Published on November 9th, 2015 | by Dar as-Sunnah Publishers | Views: 3941

UWT

The Wisdom & (Sexual) Etiquettes of Marriage

Excerpt from ‘Saydil Khatir’ of Imam Ibn al-Jawzi

This is an excerpt taken from excellent works of Imam ibn al-Jawzi from the period 510 AH – 12 Ramadan, 597 AH/ 1116 AD – 14 June 1201 AD. The Imam has made incredible observations that surpasses what was scientifically possible for his time; that can also derive lessons for our time in relation to the wisdom and etiquettes of marriage.

“Upon contemplating the benefits, meanings and nature of marriage, I found out that the main reason for its existence is to bring forth offspring because naturally the living constantly undergoes a process of decomposition from which a part transforms into nutrition while the rest comes to an end. Thus, should this worldly life be intended to last for a certain time and such bodies are created mortal, then the feature of offspring was originated to replace the source [i.e. ensure continuity of human life]. However, since the process of sexual intercourse and intimacy requires and entails uncovering body parts and exposure to what a human despises per se, which are acts that honourable innate natures disdain, Allah implanted lust in people to encourage them to accept and embrace such acts, and hence achieve the purpose of marriage.

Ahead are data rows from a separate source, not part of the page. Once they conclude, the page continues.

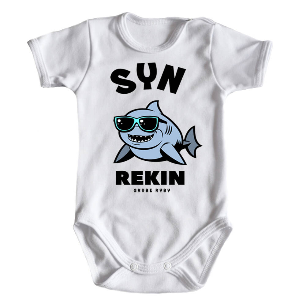 "REKINY grube ryby" Body krótki rękaw Moocha biały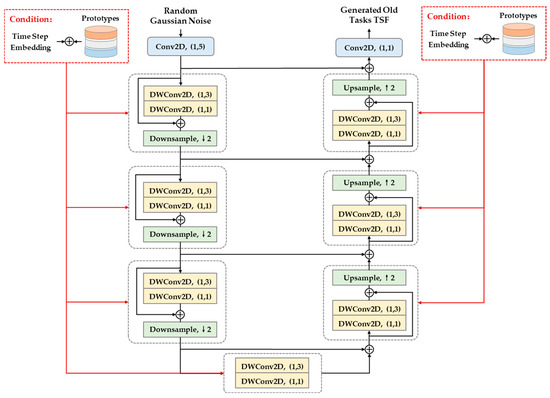 Architecture of LU-Net. Time step embedding with prototypes is employed as a diffusion condition of LU-Net to constrain the generation of old MI task TSF, “↑” represents the upsampling operation, “↓” represents the downsampling operation.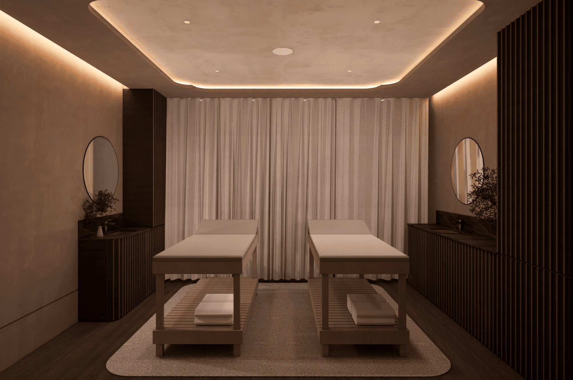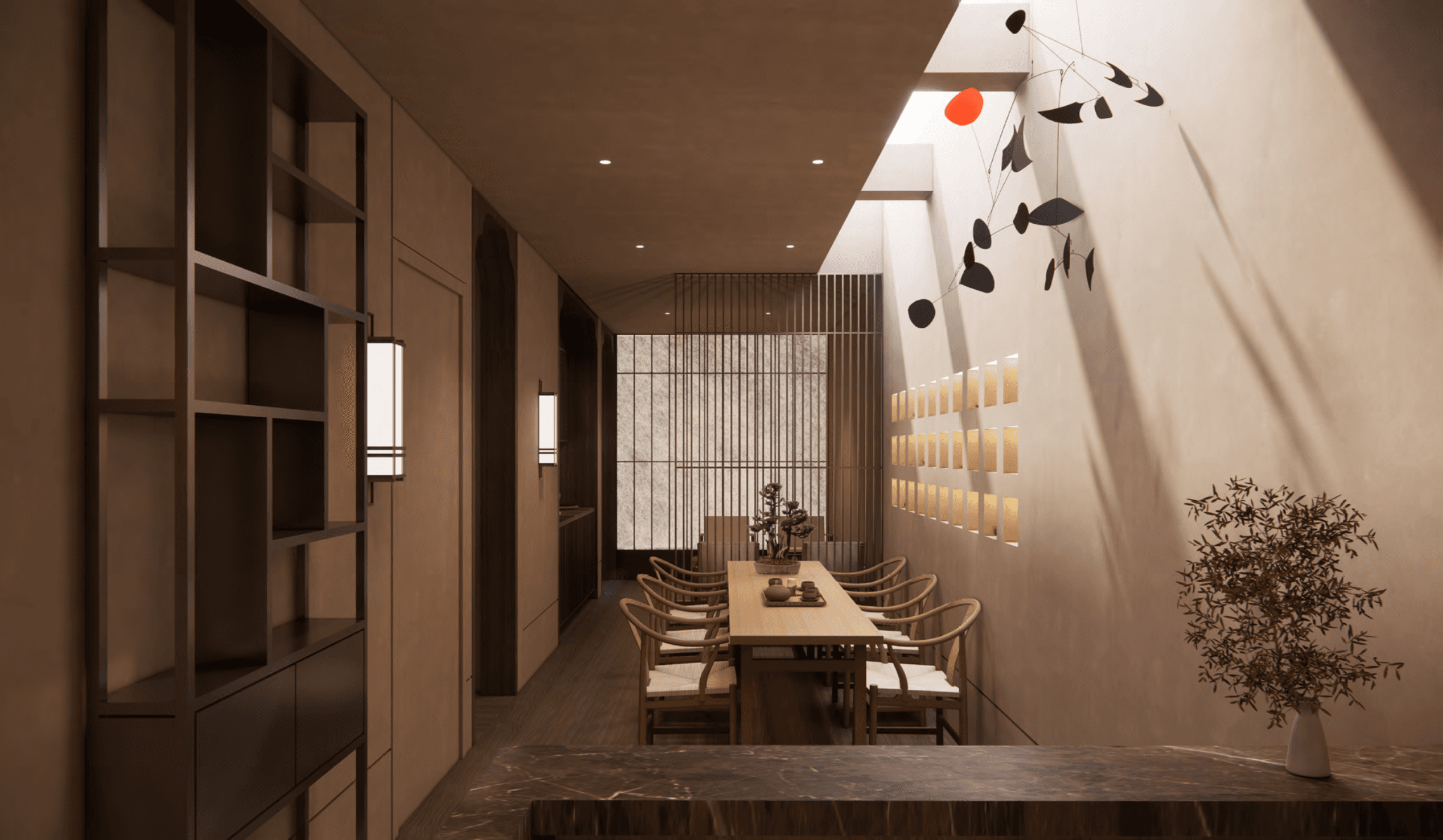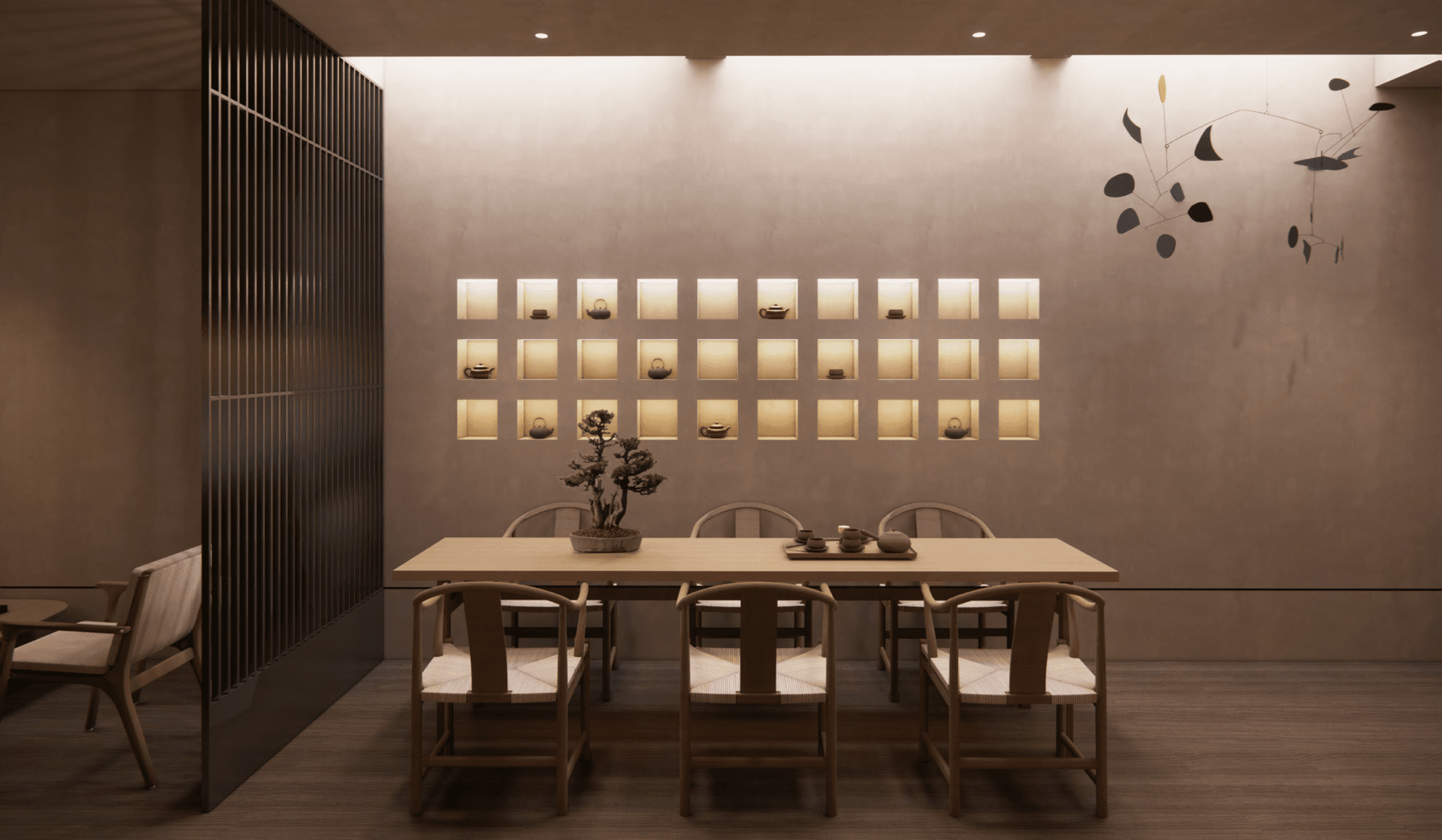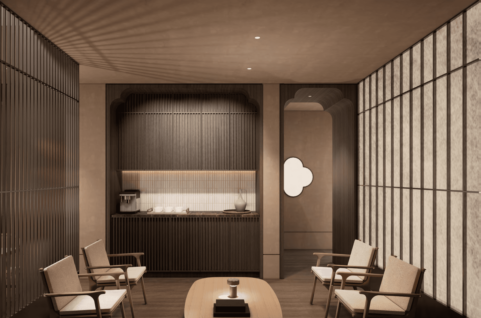 Spatial sequence is slow and deliberate. Slatted partitions, translucent screens, and curved openings create a choreography of partial views and softened boundaries, guiding the body from arrival into stillness. Each room is composed as a chamber of pause—neither fully open nor fully closed, but held in a state of quiet suspension.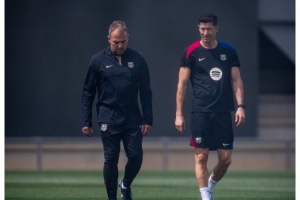 萊萬能否及時恢復(fù)出戰(zhàn)此役,成為媒體和球迷更關(guān)注的問題。巴薩官方更新社媒動態(tài),曬出萊萬在訓(xùn)練場上與弗里克的合照,確認(rèn)這位波蘭前鋒今日恢復(fù)合練。

If a person desires to have an intelligent and healthy child, and at the same time enjoy himself, he should carefully select the female he allows himself to have intimate (marital) relation with.

Aside from the main purpose, I also noticed another purpose that is found in performing sexual intercourses [within marriage] – that is the discharging of the sperm [from the male organ] which otherwise becomes harmful should it be congested within the body for a long time. This is because sperm is dispatched from the fourth stage of digestion, thus its essence is the most nutritious and best of quality. Then it gathers and accumulates, for the body saves blood and semen as well as saliva, being one of the main pillars of the body, to maintain its strength and survival as if it fears its vanishing. Whenever sperm accumulates above normal levels it will disturb the body in a similar way to what urine congestion does to the body. In the case of semen, its intangible negative effect is more disturbing than that of the tangible effect of urine congestion, since semen congestion leads to severe diseases affecting the function of the brain, and can also be toxic.

When a person enjoys healthy functional organs, the body will naturally urge the need for semen to be released whenever it accumulates exactly as how one has the urge to urinate whenever urine accumulates in the body. However, since the healthiness of people’s sex organs and desires differ from one person to another [i.e. some people may have less concentration of semen and so the urge for releasing it will be lesser], it should be noted that I am addressing those who have healthy sex organs when discussing this subject matter. That being said, as I have previously explained; when semen accumulates in the body, its congestion will cause diseases and bring forth filthy ideas into the mind, as well as entice heated emotions and confusion etc. On the other hand, we may also find a person whose sex organs and desire are in a healthy state, yet still urges for more though he relieved himself from semen, and so he becomes like a person who eats yet never becomes replete.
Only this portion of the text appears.